Microbacterium virus MuffinTheCat was discovered by Darcy Reimer in 2019 in Nyack, New York, United States, from an enriched soil sample from a moist area of a mostly dried-up riverbed. It was discovered via the Science Education Alliance-Phage Hunters Advancing Genomics and Evolutionary Science Program at Nyack College.

Habitat 
Its host species Microbacterium testaceum (Strain, NRRL B-24232) infects plants such as potatoes or rice, this interspecific relationship is relatively commensal. Therefore it is presumed that Microbacterium virus MuffinTheCat infects strands or even reproductively isolated subspecies of Microbacterium testaceum that harbour freshwater plant life or deep-rooted riverside plants. However, this is relatively speculative as only one known sample has been taken of this bacteriophage species.

Naming 
Microbacterium virus MuffinTheCat was originally named Microbacterium virus Jeffery (Former name), an unknown member of the discovery project states "Jeffrey is a good name for a phage, picked randomly." However, this name was changed, likely to be more meaningful. It is evident from scientific classifications such as Streptomyces phage Forthebois which was a name emerging from the same identification project. That the college students that were a part of this program naturally got to name the species they discovered. Muffin the cat is likely the identifier Darcy Reimer's cat (Felidae) or a domesticated cat that is close to them. This claim is backed up by the naming of Mycobacterium phage DaisytheDog also identified by Nyack college with the naming notes stating, "My friend's dog who looks a lot like Air Bud is the reason for the name." This shows the naming of Microbacterium virus MuffinTheCat was likely not random and was named after a cat called Muffin.
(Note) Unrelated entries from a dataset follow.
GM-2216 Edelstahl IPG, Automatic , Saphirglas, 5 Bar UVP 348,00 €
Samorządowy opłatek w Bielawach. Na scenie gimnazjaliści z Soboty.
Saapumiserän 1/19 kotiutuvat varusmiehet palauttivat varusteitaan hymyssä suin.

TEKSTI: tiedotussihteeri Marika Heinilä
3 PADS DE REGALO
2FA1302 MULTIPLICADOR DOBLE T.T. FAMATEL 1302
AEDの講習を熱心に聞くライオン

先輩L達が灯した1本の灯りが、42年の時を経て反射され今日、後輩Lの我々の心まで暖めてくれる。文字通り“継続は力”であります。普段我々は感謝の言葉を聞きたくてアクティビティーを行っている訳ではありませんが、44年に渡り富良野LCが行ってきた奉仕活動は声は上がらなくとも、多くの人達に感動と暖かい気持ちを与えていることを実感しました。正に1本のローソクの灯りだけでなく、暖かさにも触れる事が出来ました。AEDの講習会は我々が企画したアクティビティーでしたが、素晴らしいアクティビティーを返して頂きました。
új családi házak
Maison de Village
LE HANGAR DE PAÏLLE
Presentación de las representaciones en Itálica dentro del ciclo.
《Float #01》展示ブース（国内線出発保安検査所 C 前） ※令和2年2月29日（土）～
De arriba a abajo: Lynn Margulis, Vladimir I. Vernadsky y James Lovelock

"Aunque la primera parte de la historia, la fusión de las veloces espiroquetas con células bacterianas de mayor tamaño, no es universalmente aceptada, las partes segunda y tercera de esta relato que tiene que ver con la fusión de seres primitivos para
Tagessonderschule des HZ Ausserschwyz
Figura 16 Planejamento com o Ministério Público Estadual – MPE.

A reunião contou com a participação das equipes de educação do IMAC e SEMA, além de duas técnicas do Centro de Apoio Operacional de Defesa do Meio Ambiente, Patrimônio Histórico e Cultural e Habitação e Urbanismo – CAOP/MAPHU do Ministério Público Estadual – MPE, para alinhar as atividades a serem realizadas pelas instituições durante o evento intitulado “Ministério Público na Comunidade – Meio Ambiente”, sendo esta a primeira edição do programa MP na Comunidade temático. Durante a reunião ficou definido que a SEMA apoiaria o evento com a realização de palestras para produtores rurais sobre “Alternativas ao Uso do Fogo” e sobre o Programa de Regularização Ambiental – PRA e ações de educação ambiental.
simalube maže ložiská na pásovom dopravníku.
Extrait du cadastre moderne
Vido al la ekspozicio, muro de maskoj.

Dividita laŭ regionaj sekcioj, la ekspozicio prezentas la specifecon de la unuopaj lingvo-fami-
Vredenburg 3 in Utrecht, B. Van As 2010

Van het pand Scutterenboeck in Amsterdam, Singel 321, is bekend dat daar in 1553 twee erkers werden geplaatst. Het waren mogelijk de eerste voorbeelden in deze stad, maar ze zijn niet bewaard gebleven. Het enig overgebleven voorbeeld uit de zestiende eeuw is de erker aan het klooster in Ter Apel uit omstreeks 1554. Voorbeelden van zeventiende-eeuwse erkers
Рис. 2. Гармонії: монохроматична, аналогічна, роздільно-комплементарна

Disregarding the species Pellonula leonensis which has a common name; Muffin sprat, Microbacterium virus MuffinTheCat is one of 2 species with "Muffin" in its scientific classification. The other being a mollusk in the Buccinidae family, Muffinbuccinum catherinae.

Taxonomy

Divergence 
Microbacterium virus MuffinTheCat is in the family Tectiviridae, and the Kingdom Bamfordvirae. The average nucleotide identity (ANI), that was measured on each of the GE cluster species shows that members of the GE cluster are <60% similar to other members of the Tectiviridae family. Such a low ANI score indicates clear taxonomic divergence from the other Tectiviridae genera. This coupled with the fact that the members of the GE cluster are distinct from other Tectiviridae genera discovered thus far, shows that the GE cluster should be a new genus. Such clear genetic difference indicates that Microbacterium virus MuffinTheCat and its sibling species taxonomically diverged from other Tectiviridae a long time ago. By using a crude (genetic difference over mutation rate calculation) we can achieve a rough taxonomic timeline. Bacteriophages have a life cycle of approximately 30 minutes. Most viruses have a mutation rate of approximately one mutation every several hundred to many thousand generations, a value of 500 is a safe pick. Here the mutation rate can be identified at roughly 1 mutation every 11 days. This is backed up by claims from virologist Louis Mansky, who states the mutation rate of viruses like COVID-19 are about once every 11 days, mutation rates between virus species do not differ largely. Considering a virus to compare to such as Bacillus virus AP50 from the Tectiviridae family, which has a genome of 14kb. With a similarity of 60% as stated above you get a genetic difference of 5600 mutations, 5600 * 11 days = ~169 years. This is a very long time for taxonomic divergence in the virus realm. As viruses reproduce so effectively with little regard to genetic conservation. Although these calculations are very crude and full of assumptions, they show the point that the GE cluster containing Microbacterium virus MuffinTheCat are a clear genus that has diverged from other cousin species a long time ago.

Taxonomic relatives 
Parent Genus:
 Unclassified

Parent Family:
 Tectiviridae

Kingdom:
 Bamfordvirae

Sibling Strand Species:

GE cluster:
 Microbacterium phage Badulia
 Microbacterium phage DesireeRose
 Microbacterium phage LuzDeMundo

EB cluster:
 Microbacterium phage Franklin22

Undefined cluster: (Not sequenced)
 Microbacterium phage Bee17
 Microbacterium phage CharleeAnn
 Microbacterium phage Gargantuan
 Microbacterium phage Plimp
 Microbacterium phage SCoupsA
 Microbacterium phage Sticker
Sibling and Cousin Species and Their Genera (Under Tectiviridae):
 Alphatectivirus
 Pseudomonas virus PR4
 Pseudomonas virus PRD1
 Betatectivirus
 Bacillus virus AP50
 Bacillus virus Bam35
 Bacillus virus GIL16
 Bacillus virus Wip1
 Deltatectivirus
 Streptomyces virus Forthebois
 Streptomyces virus WheeHeim
 Epsilontectivirus
 Rhodococcus virus Toil
 Gammatectivirus
 Gluconobacter virus GC1
 Undefined
 Thermus virus phiKo

References

External links 
 Taxonomy Browser: Taxonomy browser (Microbacterium phage MuffinTheCat)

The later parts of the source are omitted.